There are plenty of factors that are taken into consideration when you apply for a loan. However, not many are aware of the different factors that can affect your loan applicant, simply because there are too many to consider. One of the main factors is the EMI’s to income ratio. In most cases of a loan application, if the total EMI’s are high, there is a high chance that your loan application will be rejected.

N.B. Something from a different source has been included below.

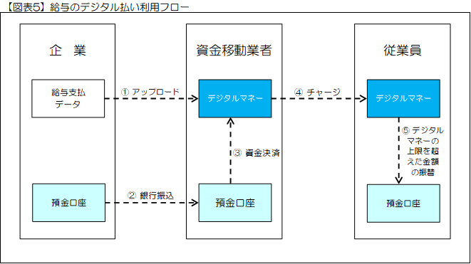 【図表5】に参考として「給与のデジタル払い」の利用フローを示しますが、導入によって期待される効率化やイメージアップといった企業のメリットと、福利厚生を含めた従業員のメリットが検討されて、利用の判断が行なわれることになります。普及についてはこれからという状況ですが、給与計算ソフトの対応も進められ、セルフレジ等の店舗設備やキャッシュレスサービスの機能の拡充によって、「給与のデジタル払い」を利用するメリットが拡大すれば、キャッシュレス決済のさらなる進展の後押しとなる可能性が高いと考えられます。

So how can you reduce the chances of a loan rejection, keeping in mind the EMI to income ratio? Here are some suggestions that can assist you.
Managing your EMI’s
The first step to lowering your EMIs to income ratio is by managing your EMI’s. In the last few years, it is easy to get tempted into opting for different loans for different financial requirements. No doubt with loans such as two-wheeler loans, car loans or even a home loan, EMI’s will help you get what you want. But how do you manage it? The first step you should do is calculate your Emi’s to income ratio. You can always use the loan EMI calculator for this purpose. This ratio should not be over 50%. However, that does not mean you should also try for a loan amount that will touch this high of a ratio. You will need to consider your daily expenses along with the possibility of the different taxes you will need to pay. By reserving 20 to 30% for you income, for EMI’s you can ensure a low ratio, thus reducing your chances of a loan application rejection.
Debt may seem like the end of the world for you, but in reality, it help keeps you financial focused. However, as long as you ensure that the debt is something you can eventual manage, you should not be worried. In this case, when opting for a loan, you must borrow wisely. Match your debts to your income. If you discover you are spending more than what you earn or expect, then you need to make adjustments. If you need to borrow funds, ensure that you need to borrow it for realistic and practical purposes. Avoiding takes a loan to further invest in other financial products such as the stock market or other equities.
Plan the tenure of your loans
All loans work on a simple formula. The longer the repayment tenure, the more money you will end up paying in total. Depending on your financial profile, you can always opt for a high EMI over longer repayment tenure. Even funds from your bonuses or promotions will help you pay off a higher EMI, thus reducing your repayment tenure. Use the loan EMI calculator to calculate the ideal loan tenure that will suit your needs while helping you repay your loan off in ease.